Entries shown:
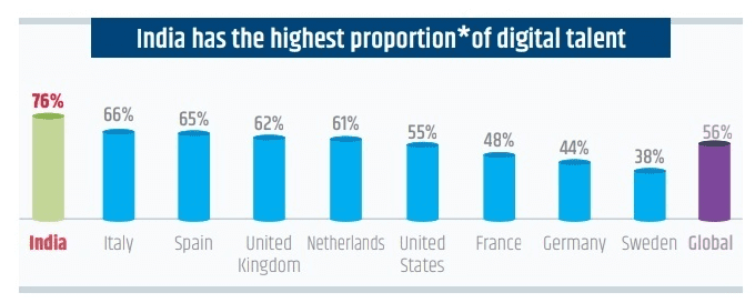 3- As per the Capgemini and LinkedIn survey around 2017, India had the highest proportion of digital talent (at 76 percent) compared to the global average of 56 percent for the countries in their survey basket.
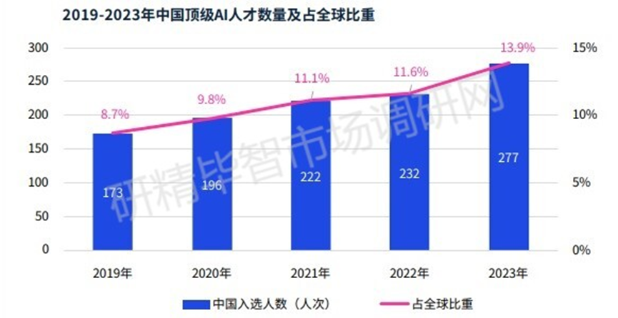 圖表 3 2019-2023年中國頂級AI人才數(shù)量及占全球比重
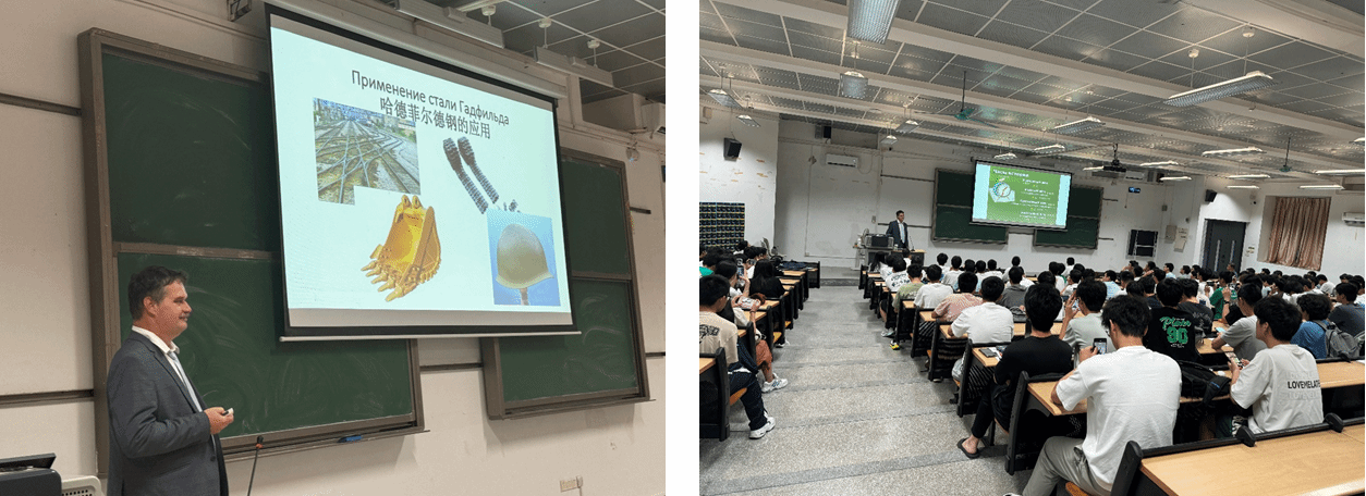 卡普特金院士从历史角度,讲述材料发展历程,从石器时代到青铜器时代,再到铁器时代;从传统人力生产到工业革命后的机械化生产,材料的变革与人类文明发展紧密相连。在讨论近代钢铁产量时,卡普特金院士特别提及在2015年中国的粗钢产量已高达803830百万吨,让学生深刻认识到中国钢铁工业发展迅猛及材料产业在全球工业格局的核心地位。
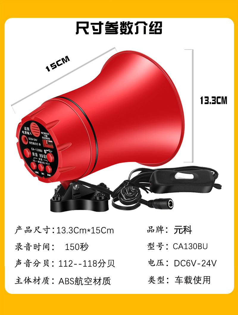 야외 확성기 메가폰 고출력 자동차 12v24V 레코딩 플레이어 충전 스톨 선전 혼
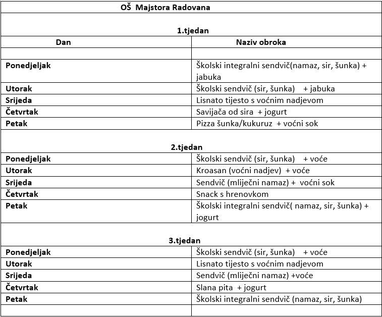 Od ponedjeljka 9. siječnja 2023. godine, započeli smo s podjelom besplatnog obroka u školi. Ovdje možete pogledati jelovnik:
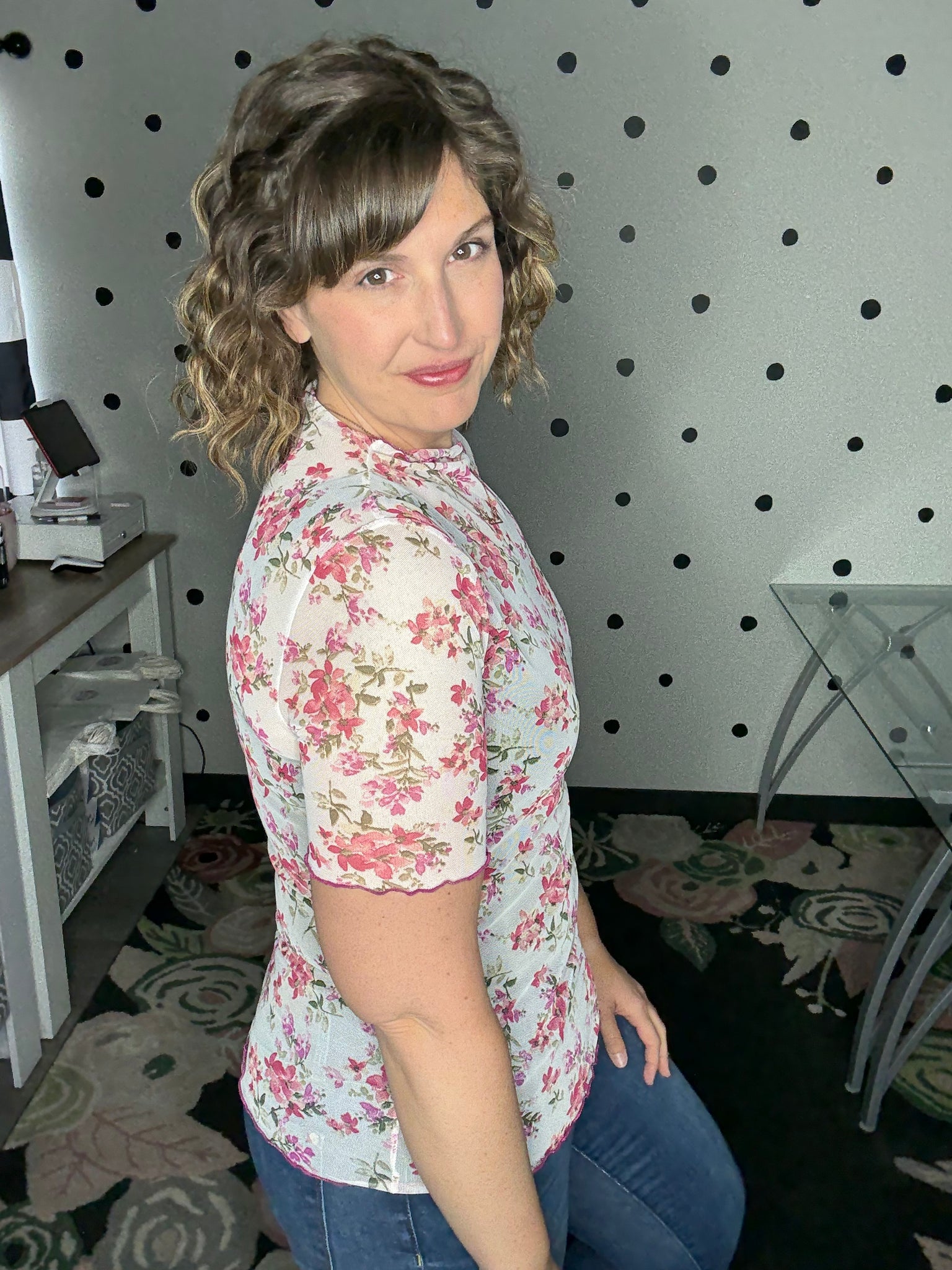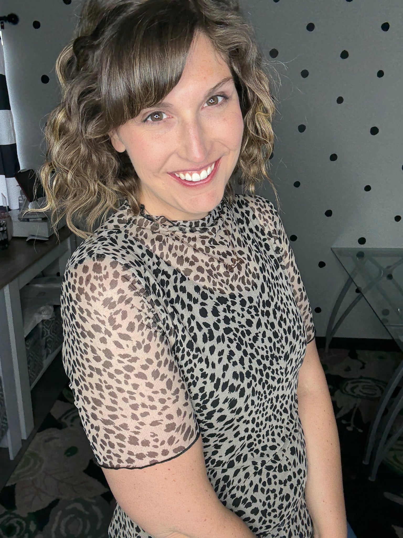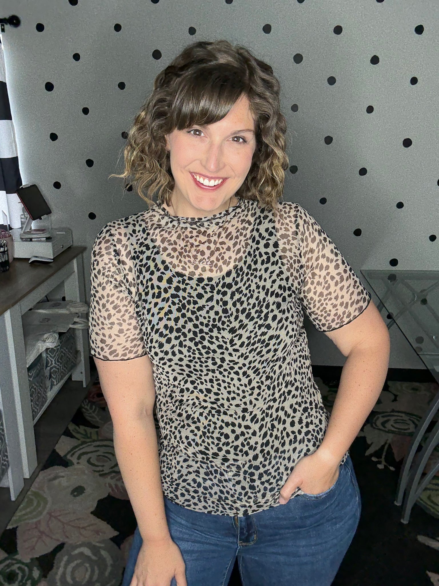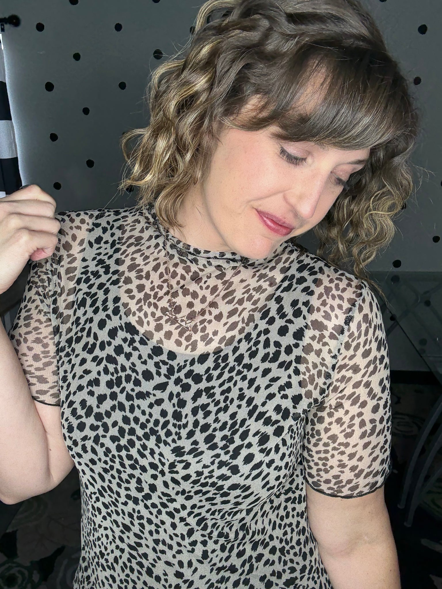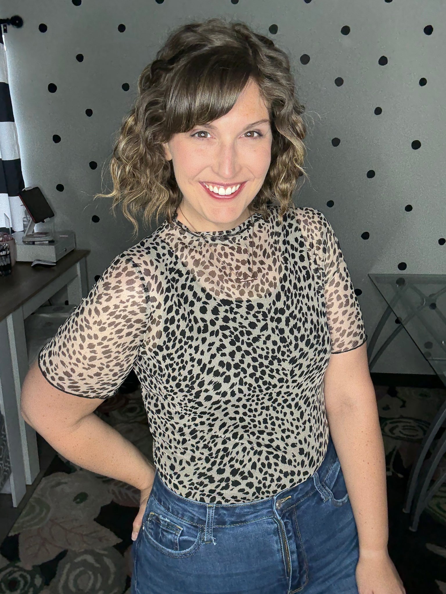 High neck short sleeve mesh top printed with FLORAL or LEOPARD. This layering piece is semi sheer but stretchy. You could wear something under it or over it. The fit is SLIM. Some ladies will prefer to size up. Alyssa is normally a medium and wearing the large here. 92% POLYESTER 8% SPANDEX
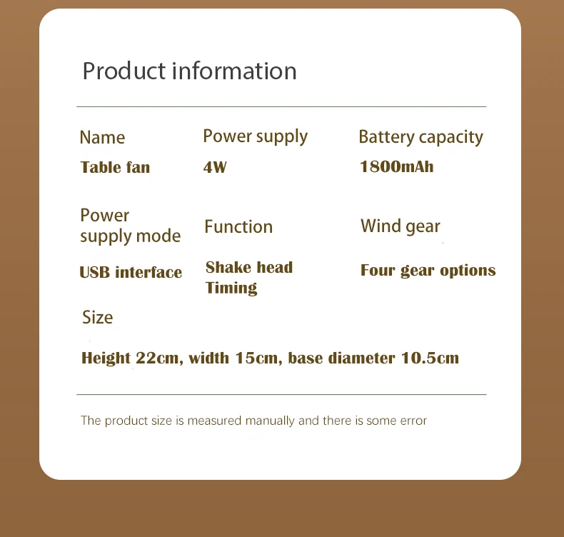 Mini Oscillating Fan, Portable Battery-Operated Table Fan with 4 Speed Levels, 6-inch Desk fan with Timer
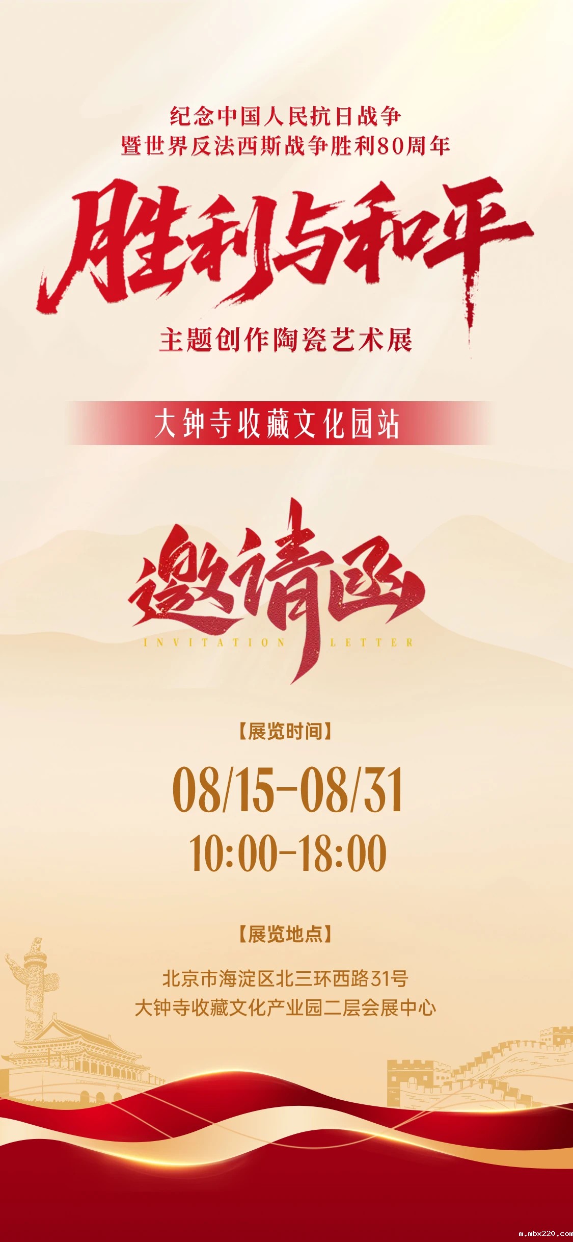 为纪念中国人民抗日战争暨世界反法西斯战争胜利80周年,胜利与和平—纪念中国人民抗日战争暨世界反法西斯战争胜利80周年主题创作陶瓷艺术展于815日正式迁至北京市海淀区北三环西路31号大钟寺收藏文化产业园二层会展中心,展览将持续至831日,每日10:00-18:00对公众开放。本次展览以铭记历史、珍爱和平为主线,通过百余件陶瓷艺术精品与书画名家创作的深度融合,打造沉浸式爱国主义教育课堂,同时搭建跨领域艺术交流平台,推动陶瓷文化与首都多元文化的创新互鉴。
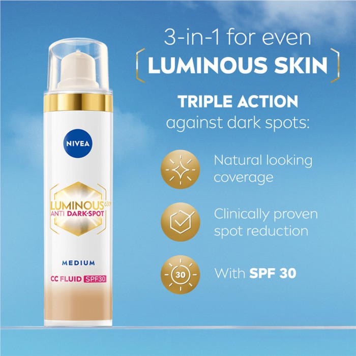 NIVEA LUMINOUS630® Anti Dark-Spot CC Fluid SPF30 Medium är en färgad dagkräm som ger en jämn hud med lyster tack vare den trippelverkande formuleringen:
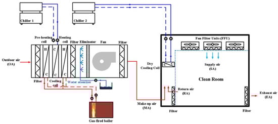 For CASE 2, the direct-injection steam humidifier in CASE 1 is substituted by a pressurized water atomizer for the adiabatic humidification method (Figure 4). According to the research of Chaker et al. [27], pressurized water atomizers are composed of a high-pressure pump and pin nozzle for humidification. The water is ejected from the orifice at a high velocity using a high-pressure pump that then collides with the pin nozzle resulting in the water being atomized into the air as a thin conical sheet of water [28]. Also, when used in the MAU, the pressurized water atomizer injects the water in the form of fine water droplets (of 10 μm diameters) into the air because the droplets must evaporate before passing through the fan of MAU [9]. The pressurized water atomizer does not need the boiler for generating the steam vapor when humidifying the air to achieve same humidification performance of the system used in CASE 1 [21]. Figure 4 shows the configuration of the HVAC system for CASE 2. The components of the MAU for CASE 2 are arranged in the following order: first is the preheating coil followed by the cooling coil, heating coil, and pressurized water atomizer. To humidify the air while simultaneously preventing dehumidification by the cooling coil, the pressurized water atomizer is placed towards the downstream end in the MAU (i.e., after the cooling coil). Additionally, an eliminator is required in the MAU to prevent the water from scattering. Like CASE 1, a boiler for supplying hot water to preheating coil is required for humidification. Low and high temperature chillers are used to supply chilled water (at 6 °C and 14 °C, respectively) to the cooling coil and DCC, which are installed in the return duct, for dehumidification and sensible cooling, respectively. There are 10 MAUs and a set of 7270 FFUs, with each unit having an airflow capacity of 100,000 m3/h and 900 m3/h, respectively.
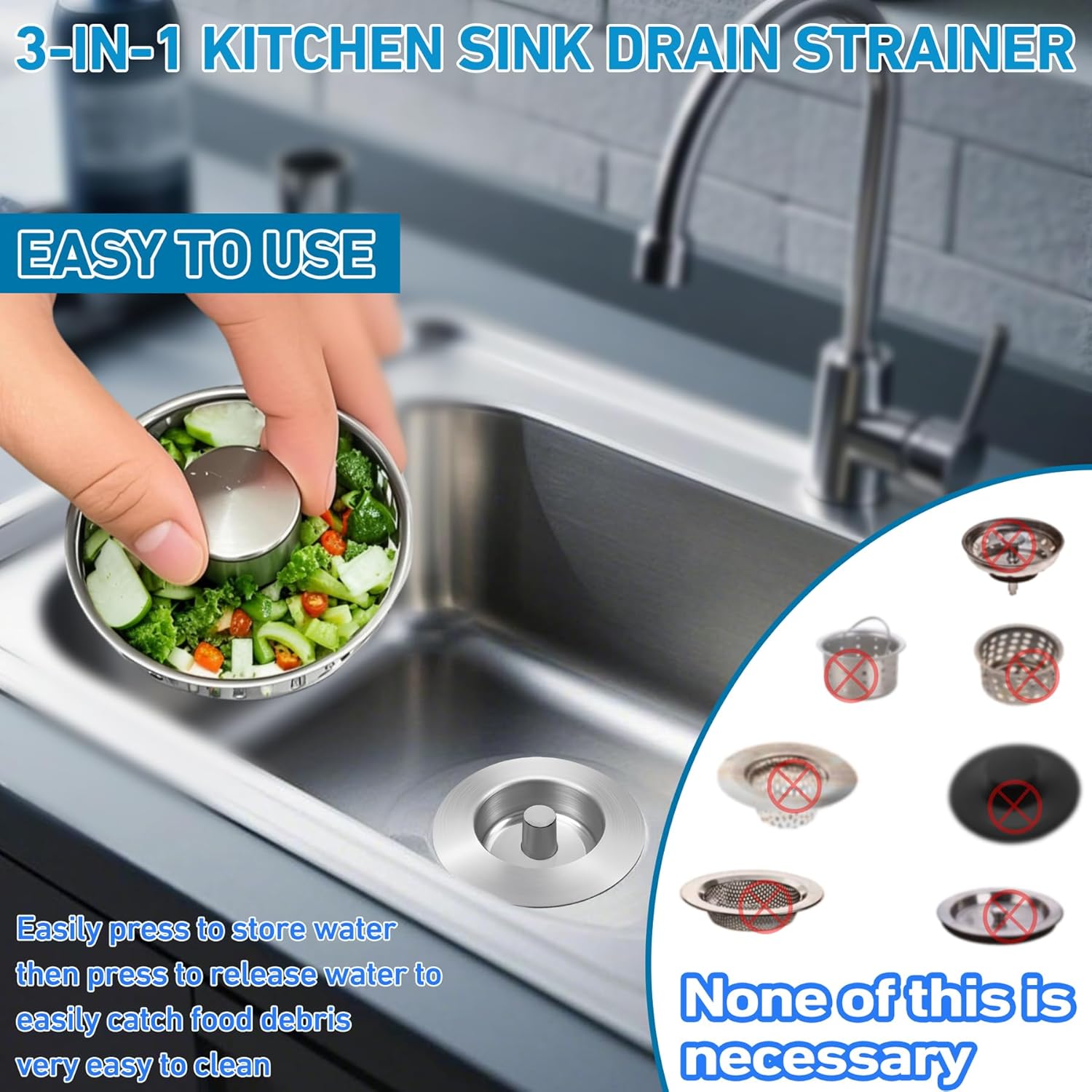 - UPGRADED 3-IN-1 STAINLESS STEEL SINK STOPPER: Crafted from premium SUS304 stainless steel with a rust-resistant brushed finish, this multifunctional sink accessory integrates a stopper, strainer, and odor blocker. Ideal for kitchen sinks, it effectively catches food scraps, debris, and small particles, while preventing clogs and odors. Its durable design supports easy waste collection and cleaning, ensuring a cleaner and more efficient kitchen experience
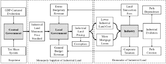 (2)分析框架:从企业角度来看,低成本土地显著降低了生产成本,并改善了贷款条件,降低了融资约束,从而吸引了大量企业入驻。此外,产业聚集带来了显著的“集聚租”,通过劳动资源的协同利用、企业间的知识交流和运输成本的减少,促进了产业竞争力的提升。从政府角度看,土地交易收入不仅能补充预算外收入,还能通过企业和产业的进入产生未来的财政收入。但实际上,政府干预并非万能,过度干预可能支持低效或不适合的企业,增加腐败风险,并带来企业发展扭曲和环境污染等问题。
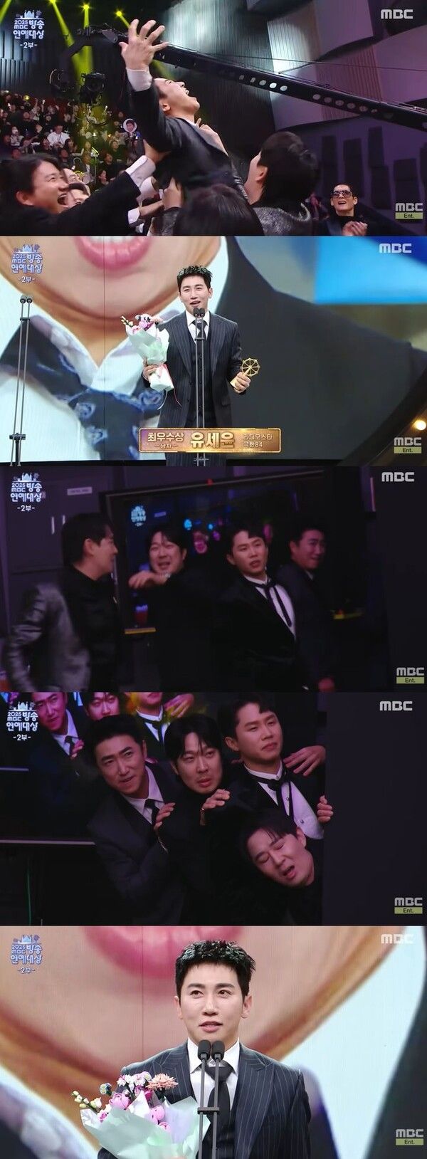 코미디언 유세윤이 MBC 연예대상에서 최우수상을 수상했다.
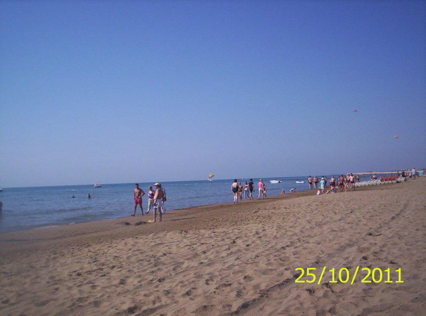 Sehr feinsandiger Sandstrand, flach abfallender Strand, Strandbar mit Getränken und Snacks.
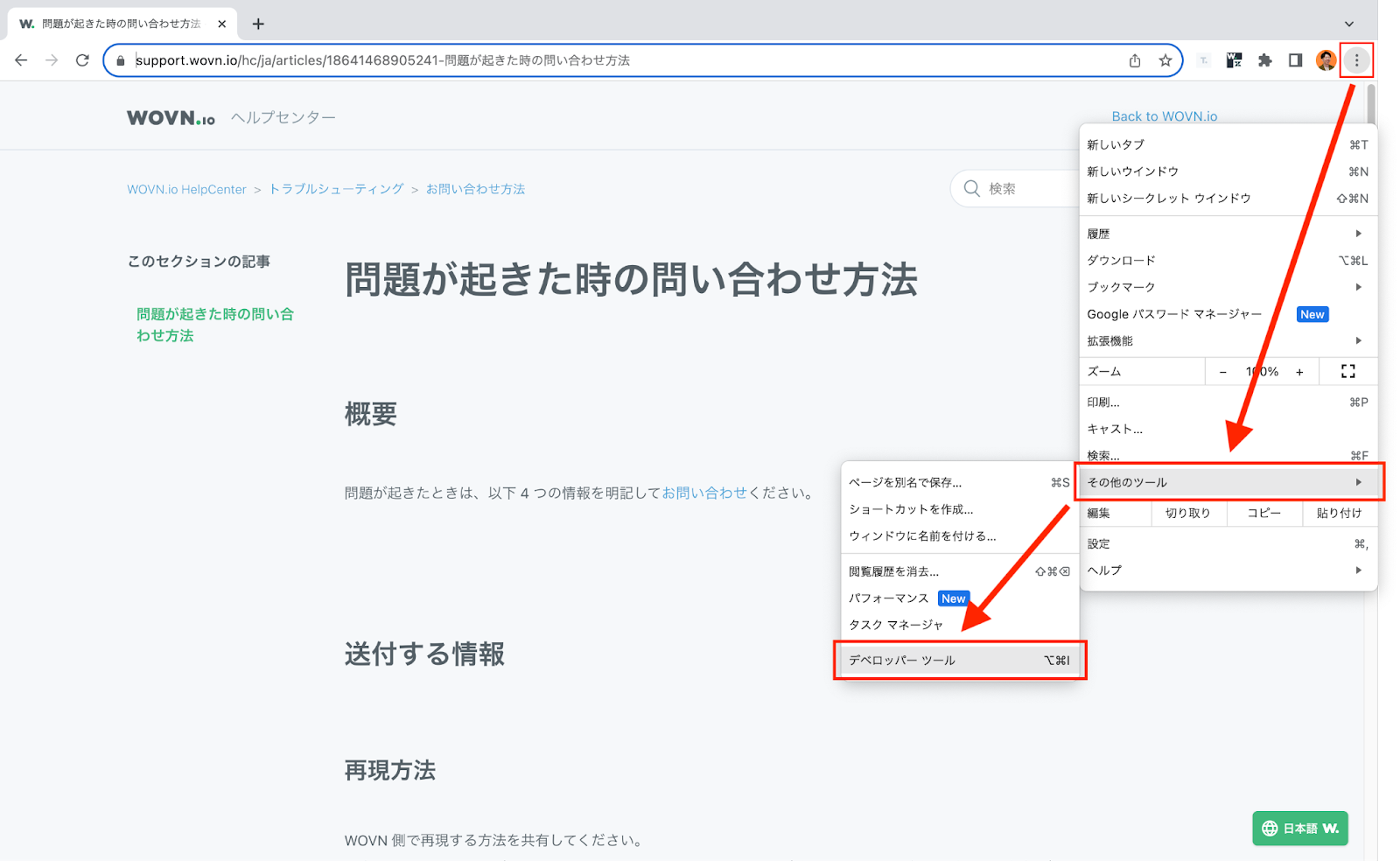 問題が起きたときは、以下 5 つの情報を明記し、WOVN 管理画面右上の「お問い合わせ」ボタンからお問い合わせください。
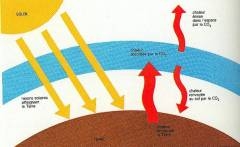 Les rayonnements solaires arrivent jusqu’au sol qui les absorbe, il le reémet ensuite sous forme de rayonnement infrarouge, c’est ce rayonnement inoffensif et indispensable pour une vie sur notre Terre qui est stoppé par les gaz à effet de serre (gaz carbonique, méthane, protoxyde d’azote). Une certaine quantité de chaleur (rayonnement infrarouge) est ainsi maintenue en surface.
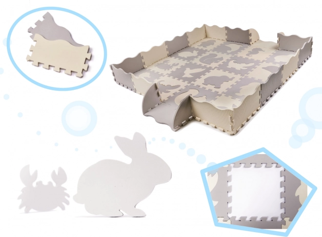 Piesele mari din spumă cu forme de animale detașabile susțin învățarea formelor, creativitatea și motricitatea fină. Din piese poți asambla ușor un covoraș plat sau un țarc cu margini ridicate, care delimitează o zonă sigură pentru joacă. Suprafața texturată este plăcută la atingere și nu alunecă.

Assigned task:
Reproduce only the lines of the records from the start up to and including the line that holds "卡普特金院士从历史角度,讲述"; do not carry over any picture.

Solution for this problem:
 3- As per the Capgemini and LinkedIn survey around 2017, India had the highest proportion of digital talent (at 76 percent) compared to the global average of 56 percent for the countries in their survey basket.
 圖表 3 2019-2023年中國頂級AI人才數(shù)量及占全球比重
 卡普特金院士从历史角度,讲述材料发展历程,从石器时代到青铜器时代,再到铁器时代;从传统人力生产到工业革命后的机械化生产,材料的变革与人类文明发展紧密相连。在讨论近代钢铁产量时,卡普特金院士特别提及在2015年中国的粗钢产量已高达803830百万吨,让学生深刻认识到中国钢铁工业发展迅猛及材料产业在全球工业格局的核心地位。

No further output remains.